Italy understands it must tighten its public finances, its finance minister said on Friday after talks with EU authorities, signalling that ambitious spending plans set out by Rome would not conflict with Brussels' fiscal rules.
Giovanni Tria offered his reassurances after speaking with European Commission Vice President Valdis Dombrovskis on the sidelines of a meeting of European Union finance ministers.
The leaders of the parties in Italy's government, the far-right League and the anti-establishment 5-Star Movement, have been promising since forming their coalition in June to spend more and tax less, unnerving markets as well as authorities in Brussels.

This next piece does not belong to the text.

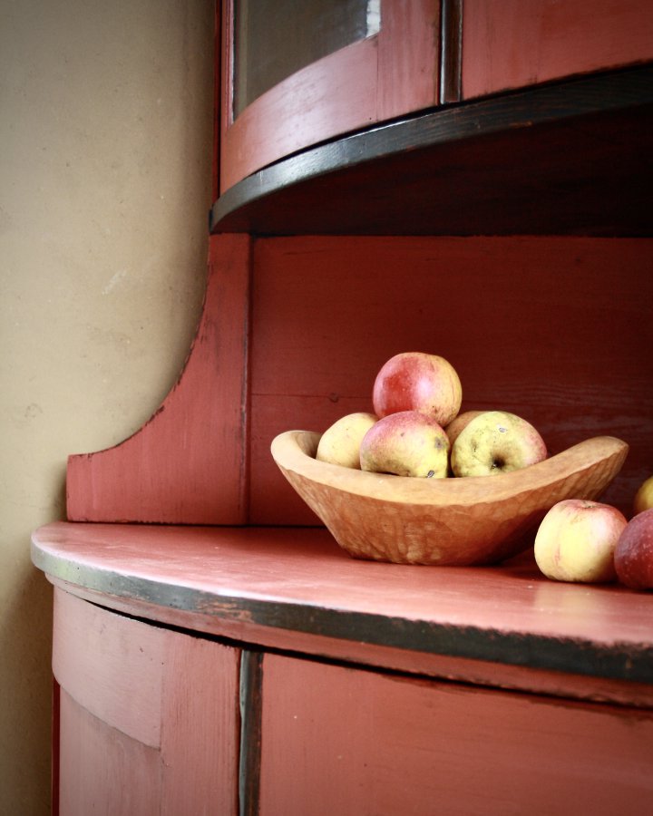 Diese sogenannte Vierteltonne wurde ca. 1840 in der Elbmarsch angefertigt. Ein sehr wohlproportionierter Eckschrank in seiner für die Biedermeierzeit typischen reduzierten Formsprache. Durch unsere rote Farbgebung mit den original geschwärzten Leisten und den eingelassenen Schlüsselschildern aus Ebenholz erhält er seinen einzigartigen Charakter. Höhe 200cm, Schenkeltiefe 80cm. Preis: 2600,- €
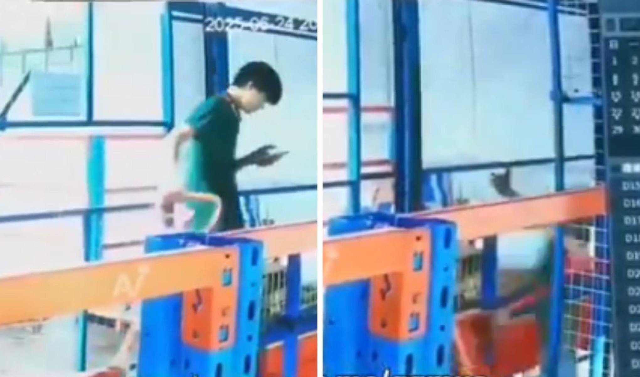 Um acidente impressionante em uma fábrica na cidade de Xiaolan, província de Guangdong, na China, chamou atenção nas redes sociais. Um trabalhador caiu no poço de um elevador enquanto manuseava um maquinário e usava o celular, distraído. O incidente aconteceu por volta das 20h do último dia 24 de junho e foi registrado por câmeras de segurança. Ele caiu de uma altura equivalente ao segundo andar.

Investors have heavily sold Italian debt as a result, prompting a more conciliatory tone this week from the government on its budget plans.

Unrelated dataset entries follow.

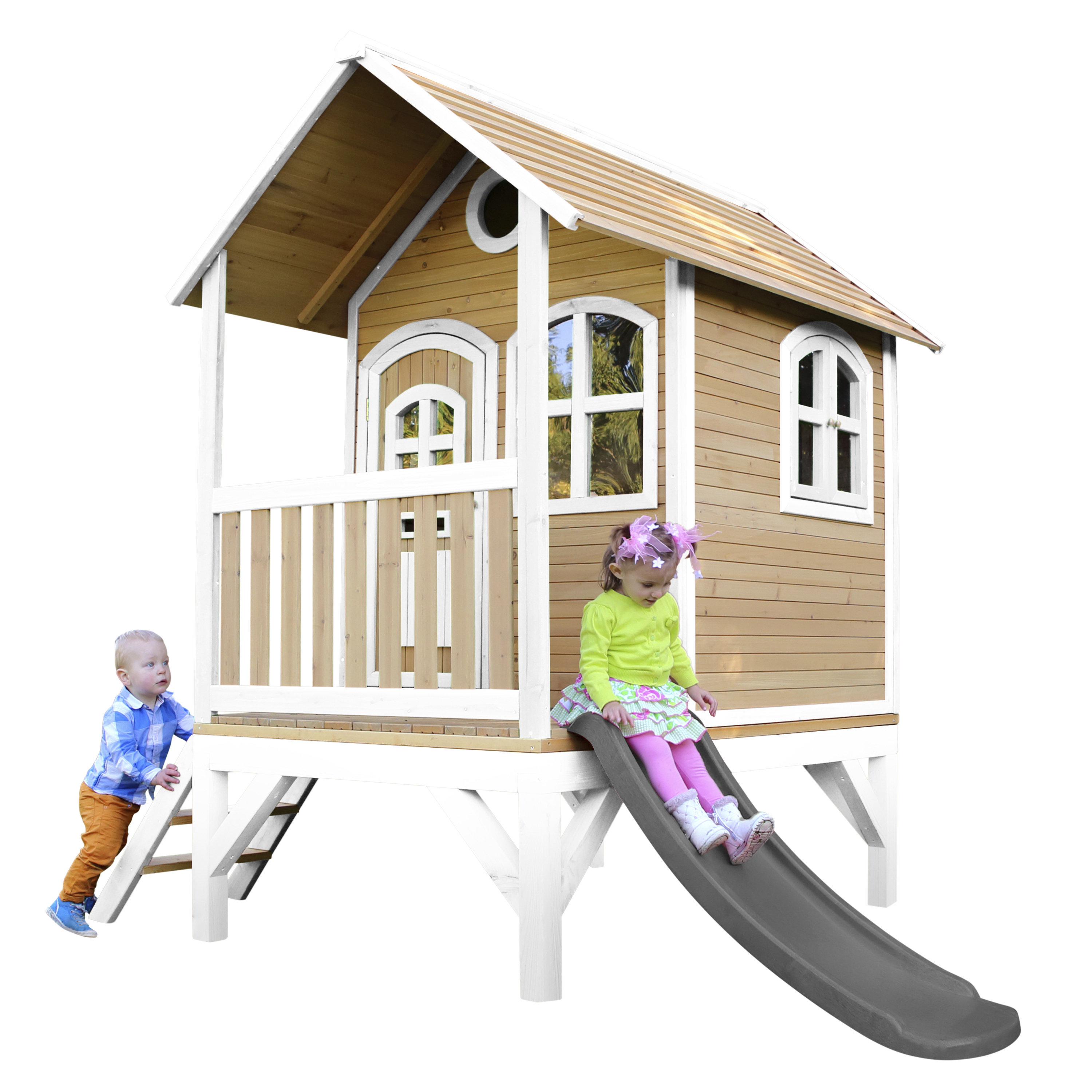 Productinformatie "Tom Speelhuis Bruin/wit - Grijze glijbaan"
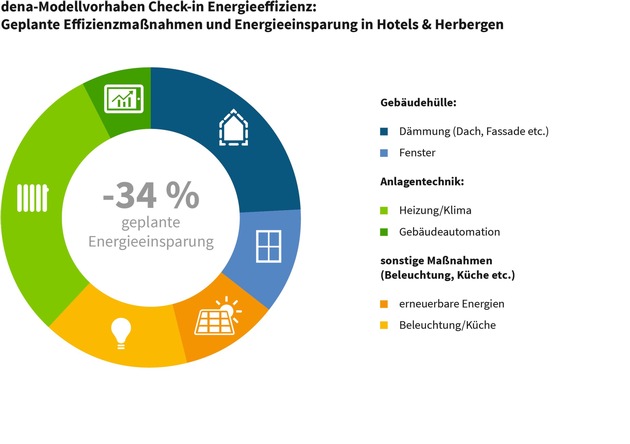 Die 31 teilnehmenden Hotels und Herbergen planen insgesamt Energieeinsparungen von rund 34 Prozent (Wärme und Strom). Dabei ist die Bandbreite erheblich: Sie reicht von Maßnahmen mit einer zehnprozentigen Einsparung bis hin zur Planung eines Plusenergiehotels.
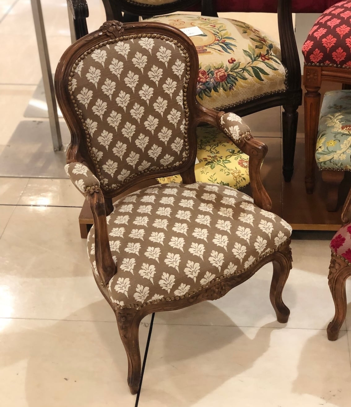 フランスのフレームに、フランスの布地を使ってイスハウスが仕上げました。
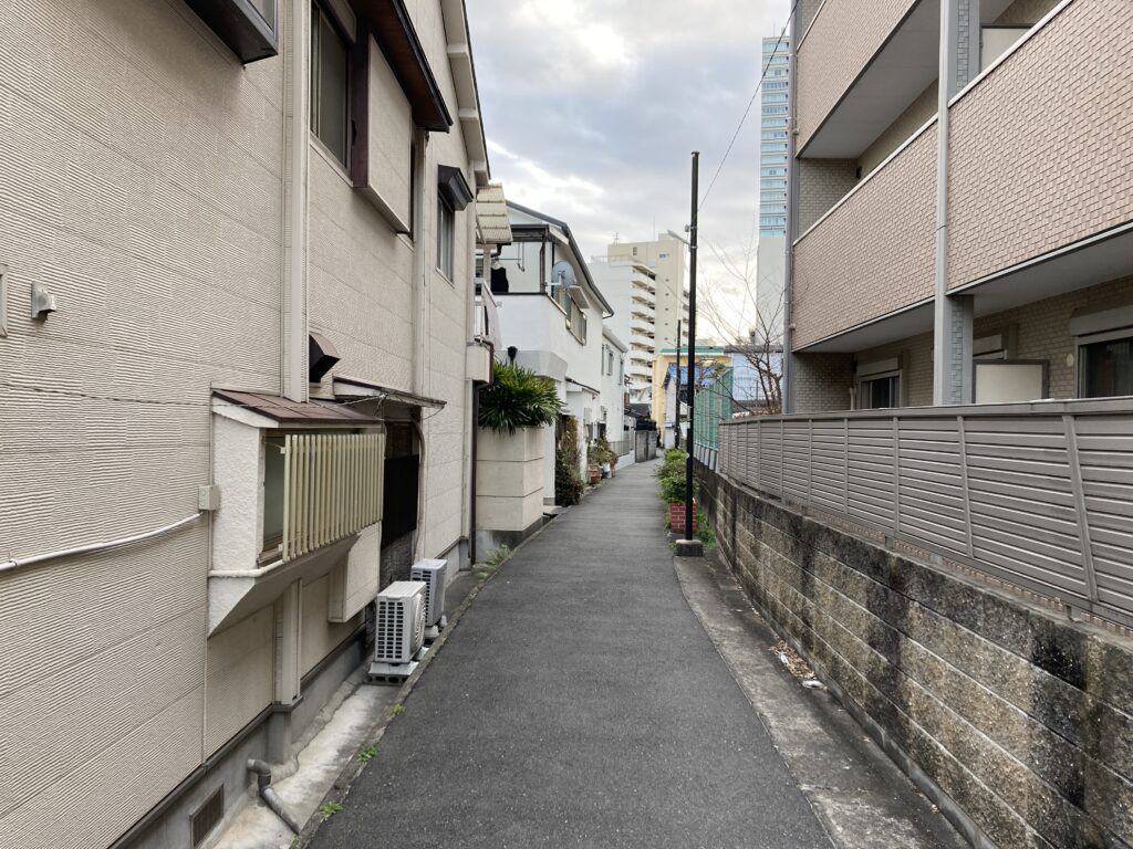 一般的な町割りでは、建物の裏口を背中合わせにし正面玄関を前の道に向けて建っています。裏側同士が背中合わせにすることでプライバシーの保護を確保し、区画を整然と並べやすくなるからです。
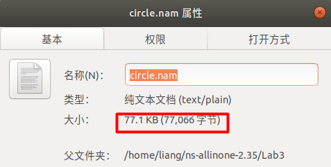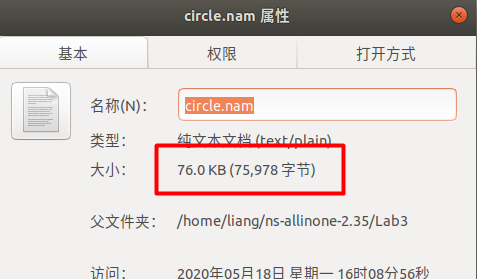 此時的trace文件大小為91.8kb,nam文件大小為76.0kb。

Dombrovskis said in a tweet that Tria had acknowledged that Italy needed to cut its structural deficit and start reducing public debt in its 2019 budget.

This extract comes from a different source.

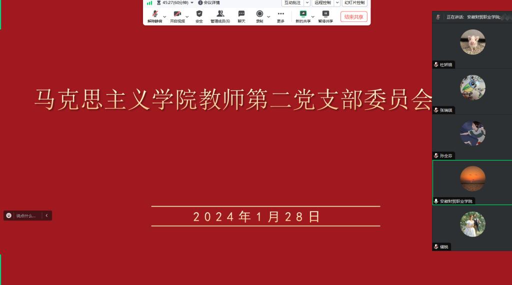 1月28日,马克思主义学院教师第二党支部通过腾讯会议召开一月份支部委员会会议,全体支部委员参加,支部副书记张瑞琪主持会议。
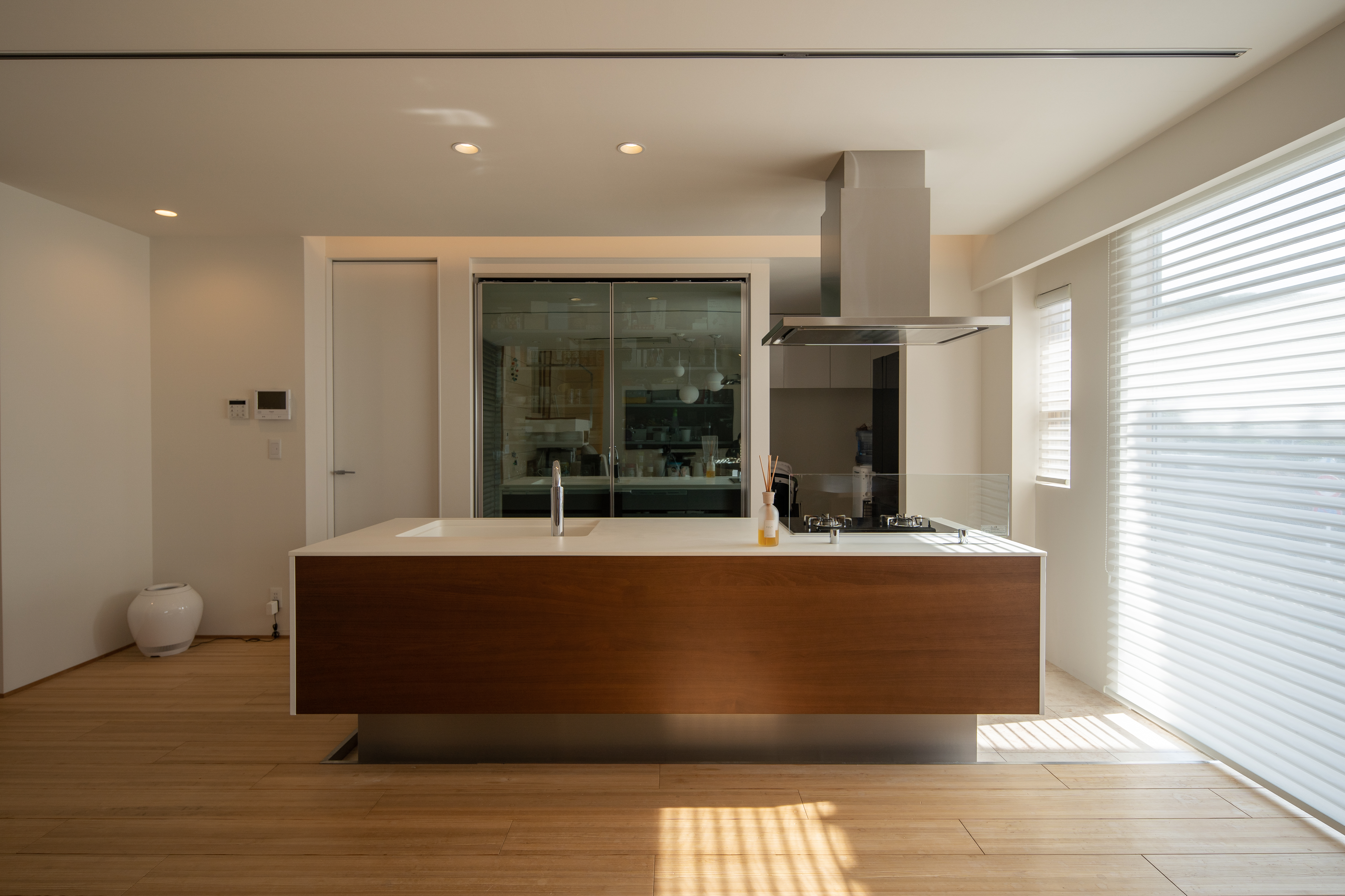 リビングに連なるキッチンのデザインには、壁面から離れた独立した場所に設置するアイランドキッチンを採用しました。広いリビングとの一体感が増し、見晴らしの良い空間に仕上がっています。

Very good meeting with Finance Minister Tria. We have a shared understanding of the economic situation and the objectives of the next budget to bring the debt on downward path and pursue an improvement of the structural deficit #Italy pic.twitter.com/Td9DwDut21— Valdis Dombrovskis (@VDombrovskis) September 7, 2018
The minister tweeted in turn that his meeting with Dombrovskis produced a common line on adopting "measures for economic growth which are in line with rules and allow an improvement of public finances".
However, Tria has consistently been the most fiscally conservative voice in the coalition, and new divisions might yet emerge within the government over its spending plans.
An improvement of 0.1 per cent of gross domestic product in Italy's structural balance would translate into a headline deficit of between 1.5 and 1.7 per cent, EU officials and economists estimated.
Sources in Rome said on Monday that Tria, an academic who is not a member of either of the governing parties, is pushing to keep next year's deficit below 2 per cent of GDP.
But the League is pressing for a fiscal gap at least 2 per cent to carry out its ambitious tax plans.
Italy already has a debt of 132 per cent of GDP, the second highest in the euro zone, and feeding that with a high deficit would fuel market concern about its ability to repay. Last week, Fitch rating agency changed the outlook for Italian debt to negative from stable because of expected higher borrowing.
But as the costs of borrowing for Italy rose, the coalition leaders toned down their rhetoric, pledging not to "blow up public accounts" and to phase in its economic programme. Yields started to decline in response.
Italy, like all other eurozone countries, will have to submit its draft budget for next year to the European Commission by mid-October for checks to see if it is in line with EU rules. Should the draft blatantly contravene them, the Commission has the option of sending it back to be changed.
EU rules oblige governments to keep cutting the structural deficit - a measure that strips out the effects of the business cycle and one-off income and spending - until the budget is in balance or in surplus.
Under EU rules, Italy should cut its structural budget deficit, seen at 1.7 per cent of GDP this year, by 0.6 per cent of GDP in 2019.
This might be difficult, because even with no change in policies, let alone higher spending and tax cuts, the structural deficit will rise next year to 2 per cent of GDP, the European Commission forecasts.